Curiously, if I try the opposite--freeze infectiousness and hospitalization risk, and leave the times free--the fit is terrible. This might be a problem with the fitter, as nonlinear fitters are always a bit finicky, but I've been using this one for a long time and it generally produces pretty reasonable results.
As one more check, if I compare the infection probability and hospitalization risks to what I got running a full omicron-era model, the first nine peaks give the probability of catching covid from someone you encounter who is infected at 0.87%, which is reasonably close to the value of 1.17% found in the full fit, and the fraction hospitalized is in the range of 0.20-0.25% in both cases.
It is quite remarkable that such different treatments of the data produce such similar values for these characteristics of the virus: 1% infection risk, 0.2% hospitalization risk. Until the current peak, where hospitalization risk goes to 0.8% and infection risk barely changes.
Which leaves me with the question of "What is the cause behind the cause?"
Assuming we're entering an era of ten percent lower infectiousness and four hundred percent higher hospitalization risk, how come?
The model is really only sensitive to infection probability times number of contacts per day. The model assumes 20 contacts per day on average. If that had gone down to 18 it would explain the effect.
The higher rate of hospitalization is consistent with the data showing that all-cause hospitalization risk goes up with each infection, at least for older white men, who might not be all that special in this regard. Without infection about one in twenty will end up in hospital in any given year. After the first infection it rises to one in twelve. After the second to one in four, and it continues to rise after that.

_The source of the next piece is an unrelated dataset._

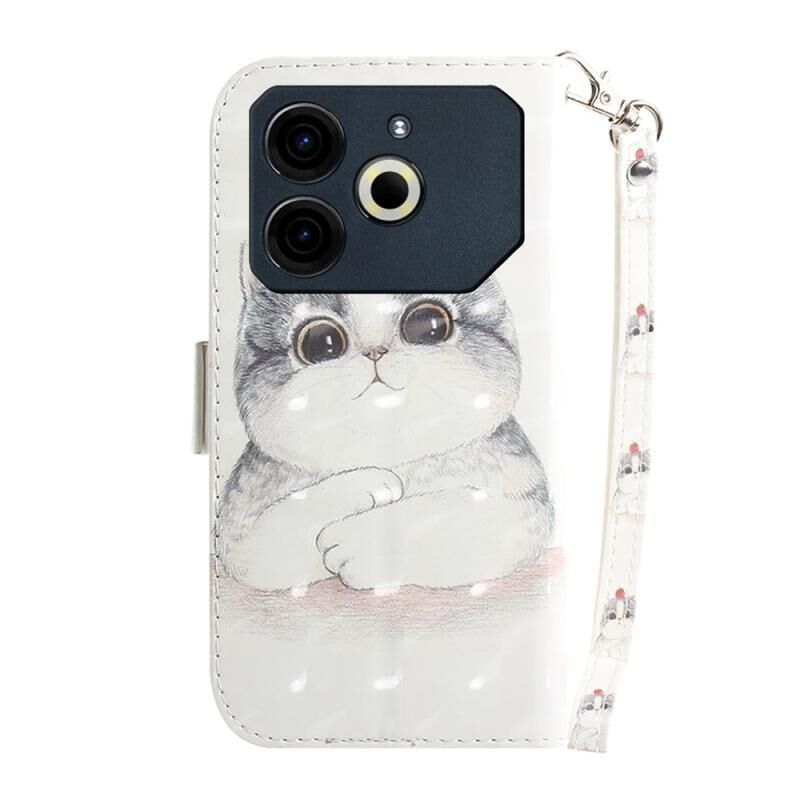 Θήκη τηλεφώνου δερμάτινη, οριζόντια, αναδιπλούμενη, 3D με χρώματα για Tecno Pova 6 Neo (Χαριτωμένη Γάτα)

A factor of five increase in risk is in the right ballpark. If the overall hospitalization risk rises significantly after several infections, why wouldn't the covid hospitalization risk rise by a comparable factor? It's not like there's robust, lasting immunity, and we know the virus damages the immune system and poses a risk to any organ that requires blood.
So that's depressing.
This is what "living with covid" looks like: slightly reduced social contacts and/or marginally lower infectiousness, the virus still spreading freely, and higher odds of being hospitalized with each infection. Meanwhile, new variants are evolving all the time, and immunity still wanes in a few months, unsurprisingly.

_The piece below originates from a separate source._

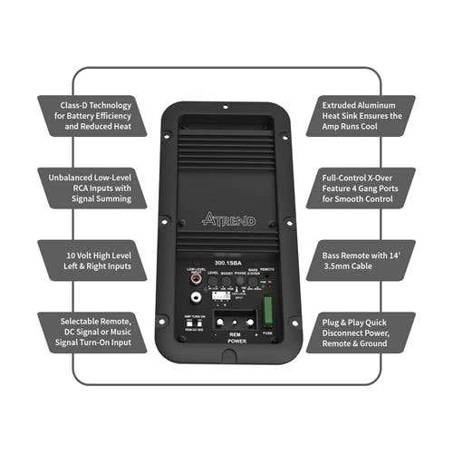 The ATrend 300.1SBA is an enclosed 336 watt RMS, Class D amplifier built into an air tight, impact resistant ABS enclosure with sealed subwoofer leads to prevent internal sub box air from leaking into and out of the amplifier.

Wearing an N95 or elastomeric respirator indoors in public is effective at protecting you from it until we update building engineering standards for airborne infection control and implement, which is the work of generations, unfortunately, in part because "infection prevention and control" is currently mostly in the hands of physicians and public health bureaucrats none of whom have any training in fluid mechanics or HVAC equipment. This means we (engineers) first have to win a turf war, because those physicians absolutely do not care how many people die or are disabled so long as they can maintain their fiefdom.
The code I've used to generate these graphs is available on github. Feel free to download and play with it. Ping me if you've got questions, although my time is fairly limited.

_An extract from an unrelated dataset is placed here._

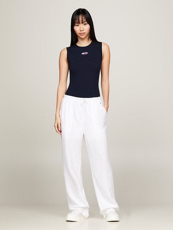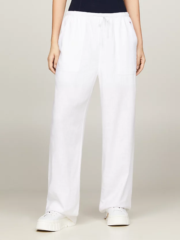 Ženske Tommy Hilfiger ležerne hlače od mješavine lana koje se lako nosi sa sportskim vezicama u struku

In the meantime: stay safe, enjoy life, and remember the people who are out there actively minimizing covid, dismissing N95s as useful mitigations, and opposing the engineering upgrades that could have gotten us out of this mess already if we'd started on them three years ago. Covid won't be over until all of those people are out of positions of power. Let's use what democratic influence we have to make that happen sooner rather than later.
Thanks for the update, Tom! So few people are wearing masks these days, it’s depressing.
Thank you for once again spelling out the state of Covid in Canada and what needs to be done.